ON THE MOVE by Abrahm Lustgarten is subtitled “The Overheating Earth and the Uprooting of America.” Lustgarten, an investigative journalist for ProPublica, points to several main factors that have already begun to impact movement in the USA: wildfires; flooding (especially in coastal regions); extreme heat or humidity; and droughts. He vividly cites research such as: “Scientists estimate that as many as one in three people on the planet will find the places they live unmanageably hot or dry by 2070.” In the USA alone, he notes that five million climate migrants “could translate to a shift of fifty million additional people by the end of the century.” His perspective – that our lack of preparation for climate change will intensify differences between rich and poor – is supported by his extensive and disturbing research.

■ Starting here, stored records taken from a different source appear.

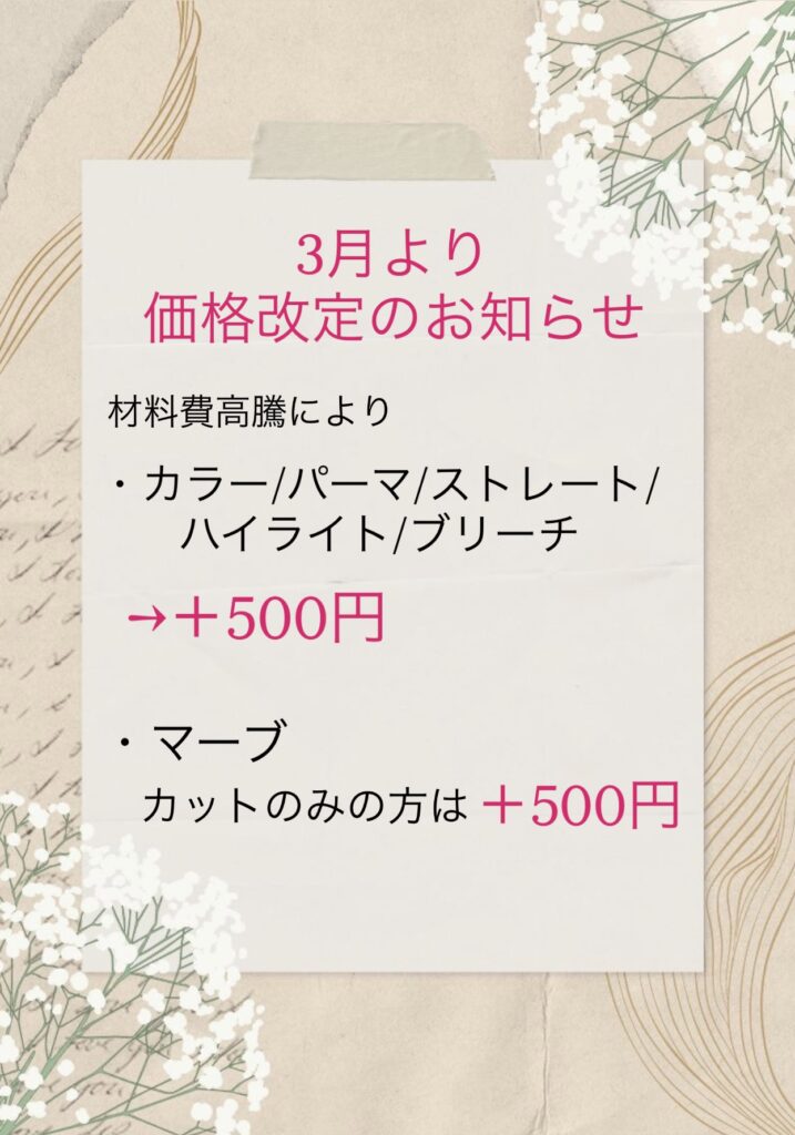 2026/03/02 こんにちは! 今月から、材料費高騰により一部メニューの価格を変更させていただくことになりました。 今後も技術・サービスの向上に努め、よりご満足いただけるよう努力してまいります! 何卒よろしくお願いいたします。 お問い合わせはこちら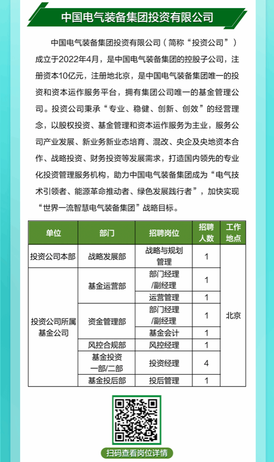 「招聘公告」中国电气装备所属单位招聘公告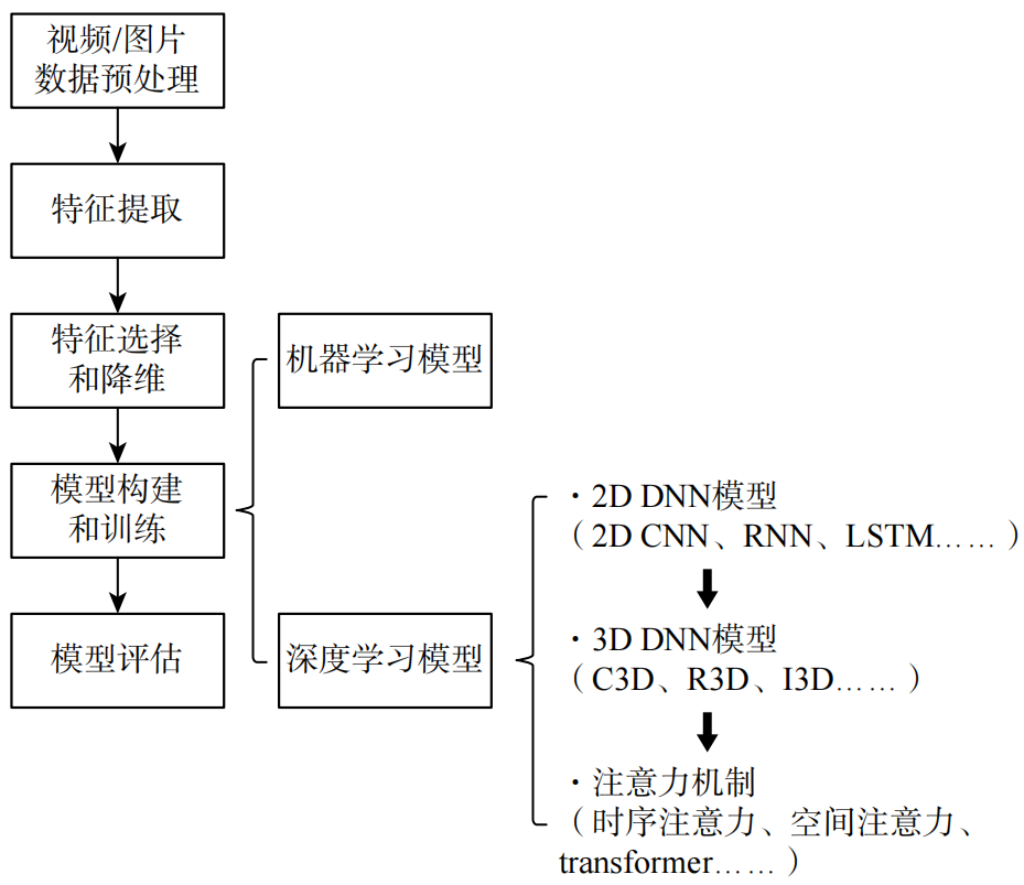 在抑郁识别领域,识别模型的迭代与深度学习的技术演化发展紧密相关。最初,应用2D CNN技术进行面部静态二维图像的分类和识别,虽然简单高效,但存在对时间序列信息处理不足的问题,对采集的视频数据无法很好挖掘帧与帧间的信息。3D CNN技术的引入扩展了模型对于动态视频数据的建模能力,更好地利用了时间维度的信息。随着注意力机制的广泛应用,有注意力的3D CNN框架进一步增强了模型对数据的理解和处理能力,为处理复杂数据的抑郁识别问题提供了更有效的工具和方法(图3)。这种演化从简单到复杂、从二维到三维、从静态到动态,提高了对于数据中关键特征的挖掘,并进一步提升了模型在准确率等方面的表现,对于抑郁识别问题的研究具有重要的意义和实际应用价值。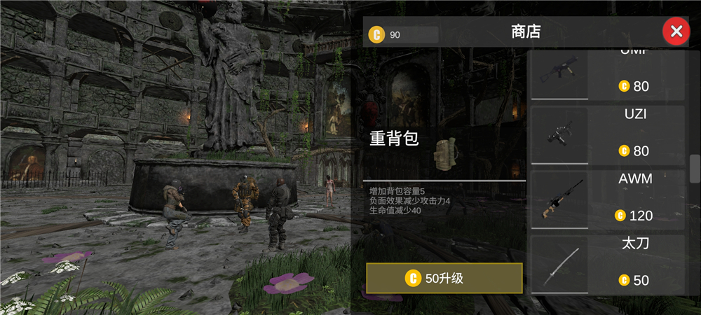 2、我们进入游戏前,先购买装备起,点击左下角的商店可以购买武器、装备;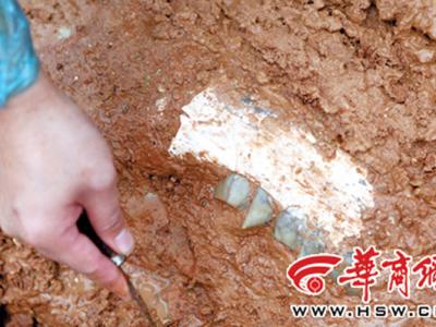 陕西自然博物馆工作人员在蓝田一河道挖掘出的三趾马上颌骨化石 发现化石的梁诚...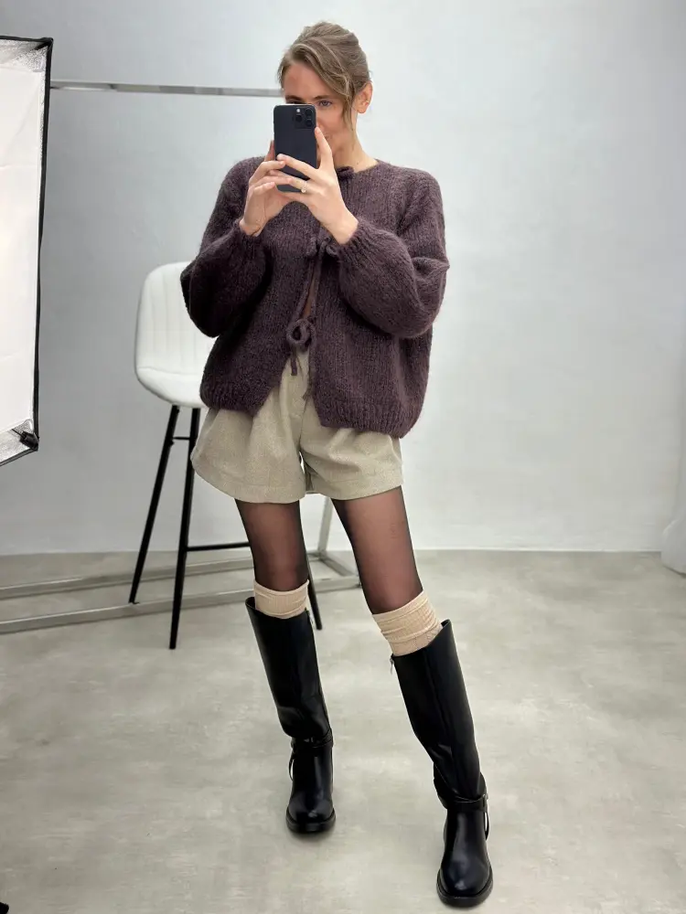 Minkštas megztinis su raišteliais priekyje – jaukus ir stilingas pasirinkimas vėsesniam sezonui. Laisvo kirpimo modelis suteikia patogumo, o švelni tekstūra užtikrina šilumą ir malonų pojūtį dėvint.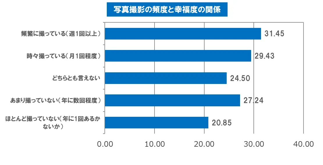「頻繁に撮っている」回答者の幸福度は31.45点と最も高く、「時々撮っている」(29.43点)、「あまり撮っていない」(27.24点)、「どちらとも言えない」(24.50点)、「ほとんど撮っていない」(20.85点)という順でした。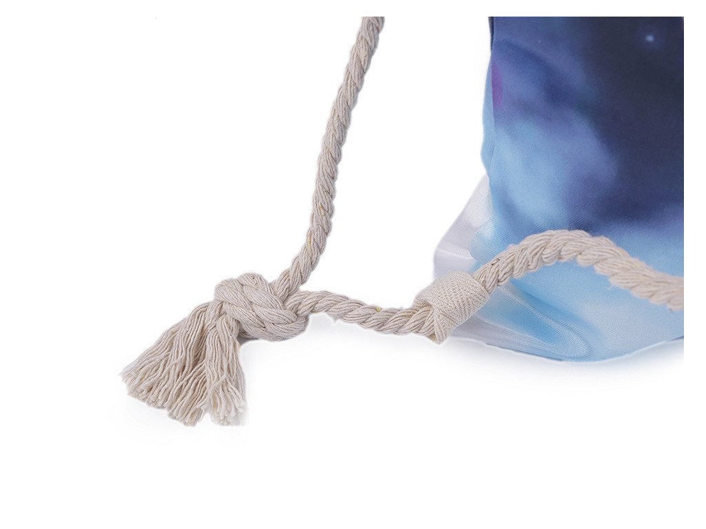 Vak na záda upoutá pozornost svým neotřelým designovým potiskem. Stahuje se jednoduše pomocí šňůrek. Potisk je oboustranný. Do vaku můžete schovat boty, přezůvky i oblečení. Využijí ho nejen sportovci, ale také děti do školy.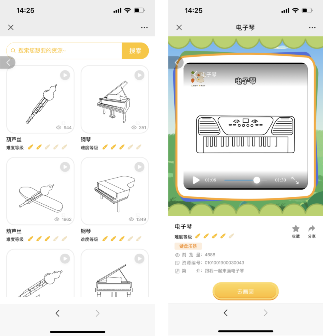 平臺(tái)提供6000余種繪畫素材,涵蓋各種主題和類型,如國粹、名畫、壁畫、名著、動(dòng)物、植物、人物、建筑等,均含視頻教程及繪畫步驟解析,滿足你對(duì)不同主題和風(fēng)格的繪畫需求。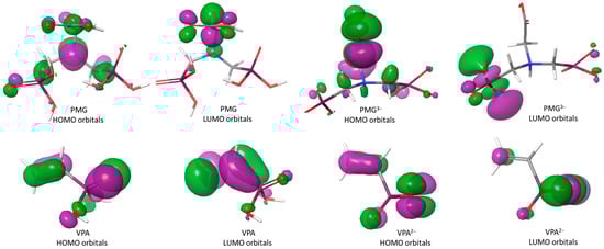 Highest occupied molecular orbital (HOMO) and the lowest unoccupied molecular orbital (LUMO) of PMG, PMG3−, VPA, and VPA2− compounds.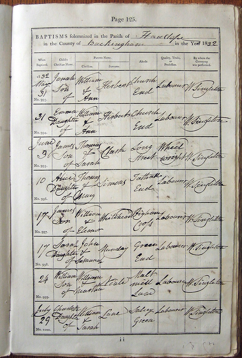 Below is a transcription and image of page 125 of the Baptism register for 1813-1845 of St. James The Great, Hanslope |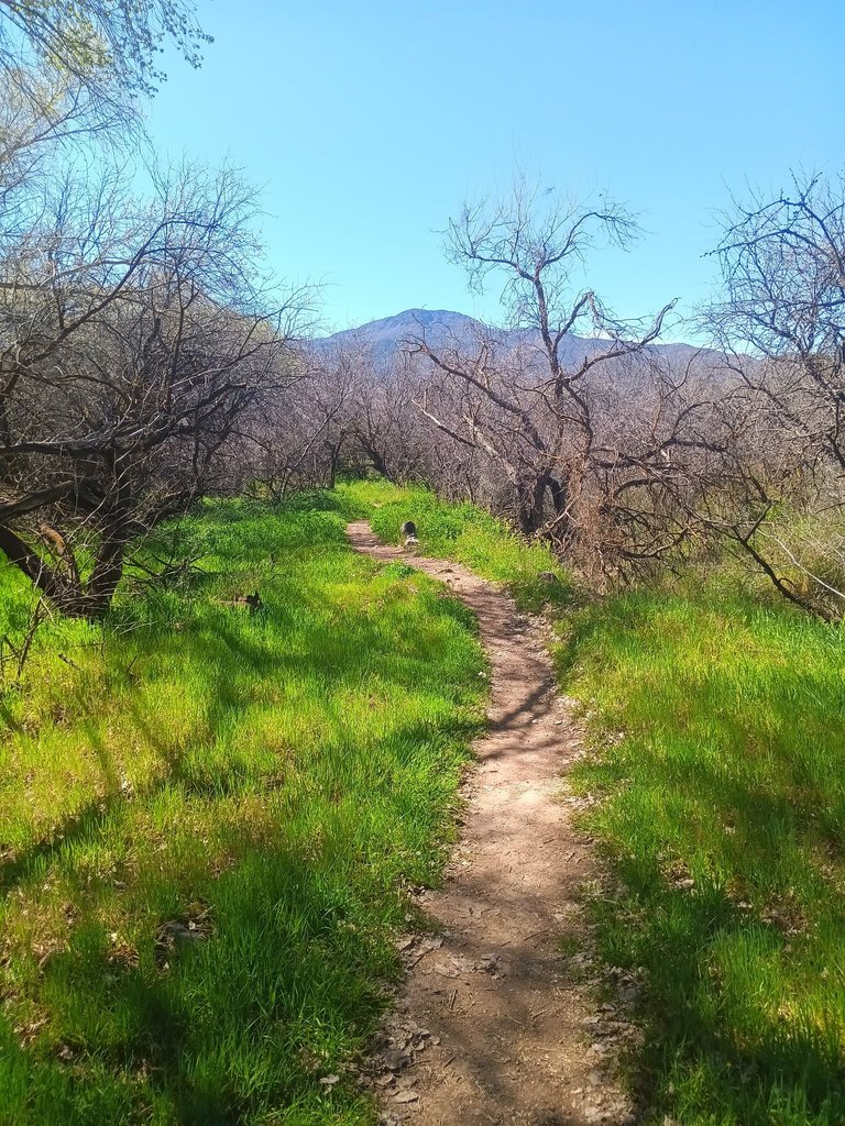 We had an easy hike along the lower Verde River near the Tuzigoot ruins along the empty paths along the river banks. The river was flowing nicely and the cottonwood trees were full of noisy birds. The soft river silt soil made for easy walking and Lulu loved exploring all of the smells to be found.

For example, he notes that “a study published in 2021 in the journal Cities examining the resilience policies of the 101 largest U.S. cities found that 31 of them had no policies whatsoever, and that only 33 had conducted any sort of evaluation of their climate vulnerability.” Lustgarten argues that even when change is attempted (as described in Atlanta or New Orleans), it often results in waves of gentrification, further separating communities. He goes so far as to say that “Climate change, however, is about to make the differences between winners and losers so extreme that they will threaten the underpinnings of the American economy and security.” Is it any wonder that we see declines in the happiness scale, especially for younger Americans? Lustgarten attempts to balance this by including a more uplifting section involving a discussion with an urban planner in Detroit who “recognizes that people are often prejudiced against refugees…. [and asks] what's a narrative that might galvanize people to see opportunity in welcoming outsiders?” Much to consider and to investigate further; ON THE MOVE contains multiple pages of notes and bibliographic references, plus an index. Other recent texts on this high interest topic of climate migration include Jack Bittle’s The Great Displacement and Nomad Century by Gaia Vince.